The simulations gave the answer: In the excited state, oxygen-16 rearranges its nuclei to look like the basic state. Instead of arranging a tetrahedral form, alpha particles reorganize themselves in a square or almost square-like plane. Currently, science is still exploring quantum interactions in oxygen-16 nuclei.

"There are really many interesting things happening inside small things like nuclear," said physicist Dean Lee.

Lee's research aims to understand how oxygen is produced in stars. In addition, there is another form of oxygen research, focusing on the role of oxygen in life on Earth. Immediately after the Great Oxidation event 2.4 billion years ago, oxygen levels may have reached or exceeded today's levels. Many animals have become extinct since then, the simplest animals appeared about 600 million years ago.

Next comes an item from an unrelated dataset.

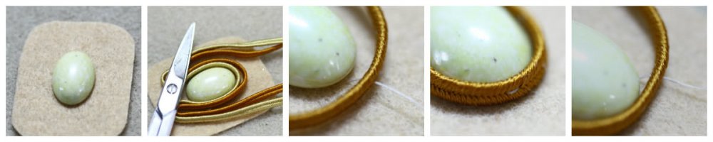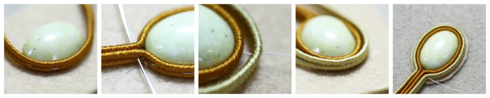 - Плотным шнуром по краю огибается кабошон. Он аккуратно пришивается за край.

Although theoretically, the appearance of oxygen paved the way for the survival of animals, but the story seems much more complicated. Animals did not appear after the first significant collisions of Earth's oxygen levels 2.4 billion years ago. In February 2014, Daniel Mills, a doctoral candidate at Nordic Center for Earth Evolution of Southern Denmark University, together with his colleagues, reported in the PNAS journal that today's modern sponges still exist. can breathe, eat and even grow at oxygen concentrations higher than 0.5% to 4% of the oxygen concentration in today's atmosphere. The sponge is probably the animal that resemble the first animals on Earth.

The finding on sponges reveals an additional aspect of the life of the first animals on earth. Even in modern times, animals such as nematodes also thrive in the oxygen-deprived areas of the ocean.

"Obviously there are many factors that contribute to the evolution of animals, not just oxygen , " Mills said.